Lan+lan2+wireguard+vlan

The problem is lan lan2 can't work together. I have to close lan to use lan2.

router config same as this, but I use vlan instead of vpn-policy-routing. (I don't know how to add route through vpn-policy-routing) [SOLVED] Wireguard - Firewall (Actually routing)

Similar configuration worked well on openwrt-19.07.3-ramips-mt7621-xiaomi_mir3p (wan was pppoe, now is dhcp).

image790×341 23.3 KB

I also use dnscrypt-proxy2 and double dnsmasq settings which not post.

old vlan: (Image from another same router)

After reboot, wan can't obtain address. Restart wan won't help.

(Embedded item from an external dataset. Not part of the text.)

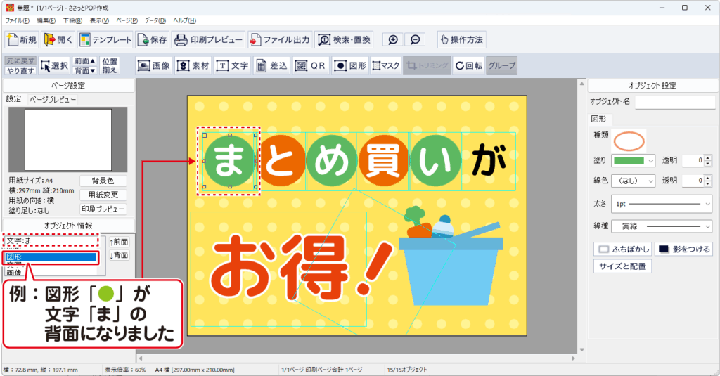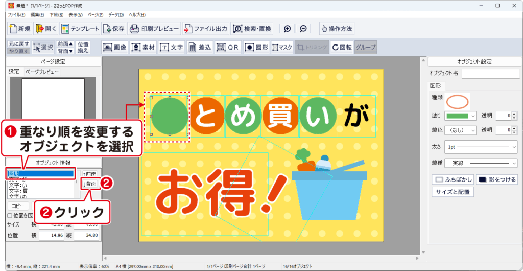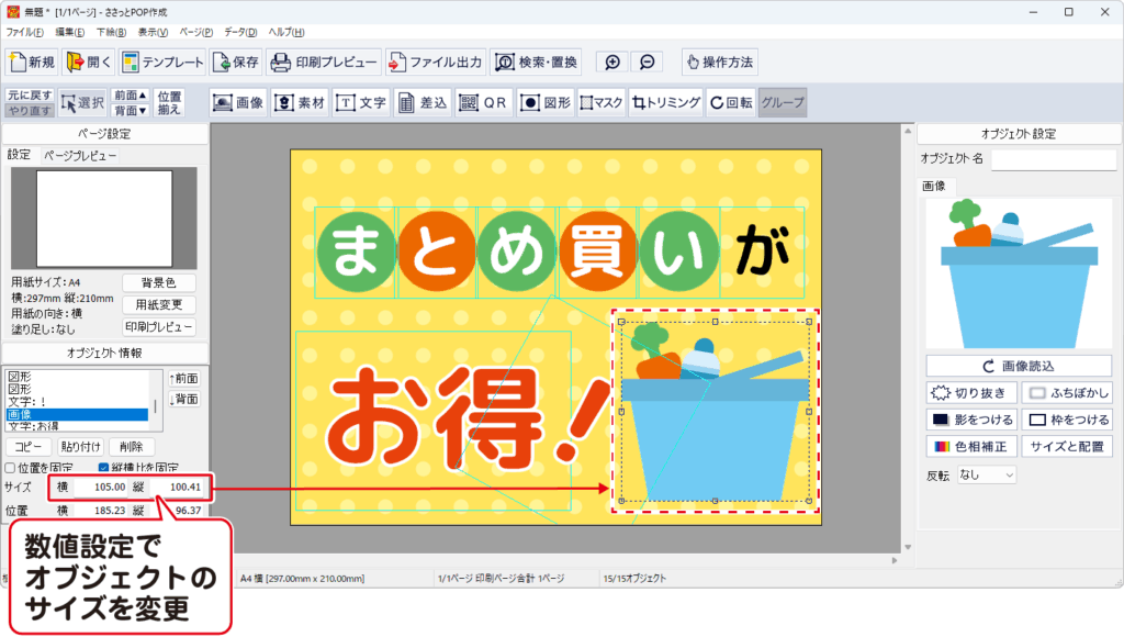 数値設定でオブジェクトのサイズを変更します。例:図形を拡大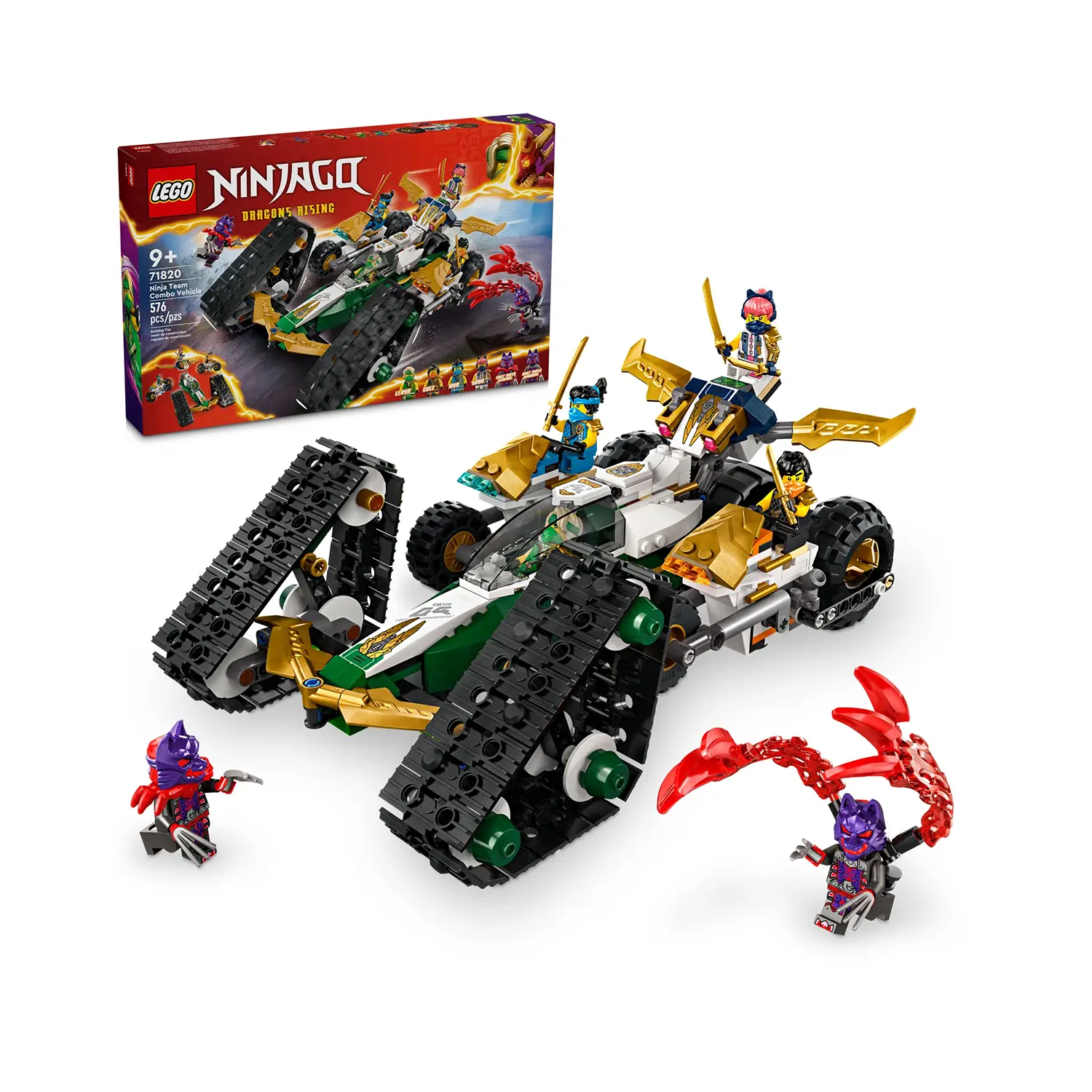Set LEGO® NINJAGO® - Cingolato del Team Ninja per avventure dinamiche: Questo giocattolo d’avventura 4 in 1 è perfetto per i bambini dai 9 anni in su, offrendo un veicolo grande che si trasforma in quattro veicoli più piccoli per scene d’azione intense.

[   66.432563] mt7530 mdio-bus:1f wan: Link is Up - 100Mbps/Full - flow control rx/tx
[   66.440205] br0: port 4(wan) entered blocking state
[   66.445111] br0: port 4(wan) entered forwarding state
[   67.456428] mt7530 mdio-bus:1f wan: Link is Down
[   67.461190] br0: port 4(wan) entered disabled state
[   69.504565] mt7530 mdio-bus:1f wan: Link is Up - 100Mbps/Full - flow control rx/tx
[   69.512195] br0: port 4(wan) entered blocking state
[   69.517091] br0: port 4(wan) entered forwarding state
[   70.528433] mt7530 mdio-bus:1f wan: Link is Down
[   70.533195] br0: port 4(wan) entered disabled state
[   72.576554] mt7530 mdio-bus:1f wan: Link is Up - 100Mbps/Full - flow control rx/tx
[   72.584185] br0: port 4(wan) entered blocking state
[   72.589090] br0: port 4(wan) entered forwarding state
[   73.600435] mt7530 mdio-bus:1f wan: Link is Down
[   73.605199] br0: port 4(wan) entered disabled state

restart network and wan will get ip address, But lan lan2 still don't have internet access.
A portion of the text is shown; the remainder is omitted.